The expected return is $(1+f)$ each time we win and $(1-f)$ each time we lose. Now putting those nasty probabilities in we get a return of $(1+f)^p+(1-f)^{1-p}$. We need to find the maximal value of that expression. To make things easier we can also find the maximal value of the logarithm of that expression

$$\begin{align*} \log ((1+f)^p+(1-f)^{1-p})= p\log(1+f) + (1-p) \log(1-f) \end{align*}$$

since the logarithm is increasing monotonically. So we have to set teh derivative to zero.

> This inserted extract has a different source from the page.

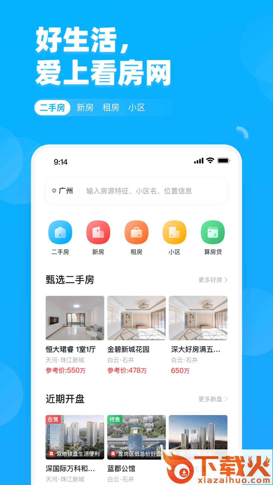 看房网app,及时获取最新房源信息,资源丰富,真实可靠,在线找房,VR看房,关注房产动态信息,享受更便捷的房产租赁、出售服务,一键查房价,购房更轻松。

Observe that

$$\begin{align*} \frac{\partial}{\partial f} p\log(1+f) + (1-p) \log(1-f) &= 0\\ \Leftrightarrow \frac{p}{1+f}+\frac{p-1}{1-f} &= 0\\ \Leftrightarrow \frac{p}{1+f} &= \frac{1-p}{1-f}\\ \Leftrightarrow p(1-f) &= (1-p)(1+f)\\ \Leftrightarrow f &= 2p-1 \end{align*}$$

You can plug some sensible values for $p$ in it to check correctness.

Now, let us generalize this problem because of mathematical elitism. Let us say if you win with probability $p$, you win a proportion $a$ of your initial bet and if you loose, then you win a proportion $b$, where $b$ is possibly negative. So our returns are $(1+fa)^p+(1+fb)^{1-p}$. Note that this is essentially the same as before if we take $a=1$ and $b=-1$. Now let us again maximize this, more exactly let us maximize the logarithm. So we again set the derivative to zero.

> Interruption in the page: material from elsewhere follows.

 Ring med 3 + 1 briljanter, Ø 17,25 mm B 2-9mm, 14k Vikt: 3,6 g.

$$\begin{align*} \frac{\partial}{\partial f} \log[(1+fa)^p+(1+fb)^{1-p}]\\ = \frac{\partial}{\partial f} p\log(1+fa)+(1-p)\log(1+fb)\\ = \frac{pa}{1+fa}+\frac{(1-p)b}{(1+fb)} \end{align*}$$

This is equal to zero if and only if

$$\begin{align*} \frac{pa}{1+fa}+\frac{(1-p)b}{(1+fb)} &= 0\\ \Leftrightarrow pa+pafb+(1-p)b+(1-p)bfa &= 0\\ \Leftrightarrow pa+(1-p)b+bfa &= 0\\ \Leftrightarrow fab=-pa+(p-1)b &= 0\\ \Leftrightarrow f=\frac{-pa+(p-1)b}{ab} &= 0 \end{align*}$$

If we would now plug in the values for our first exercise $a=1$ and $b=-1$, we would get the same result.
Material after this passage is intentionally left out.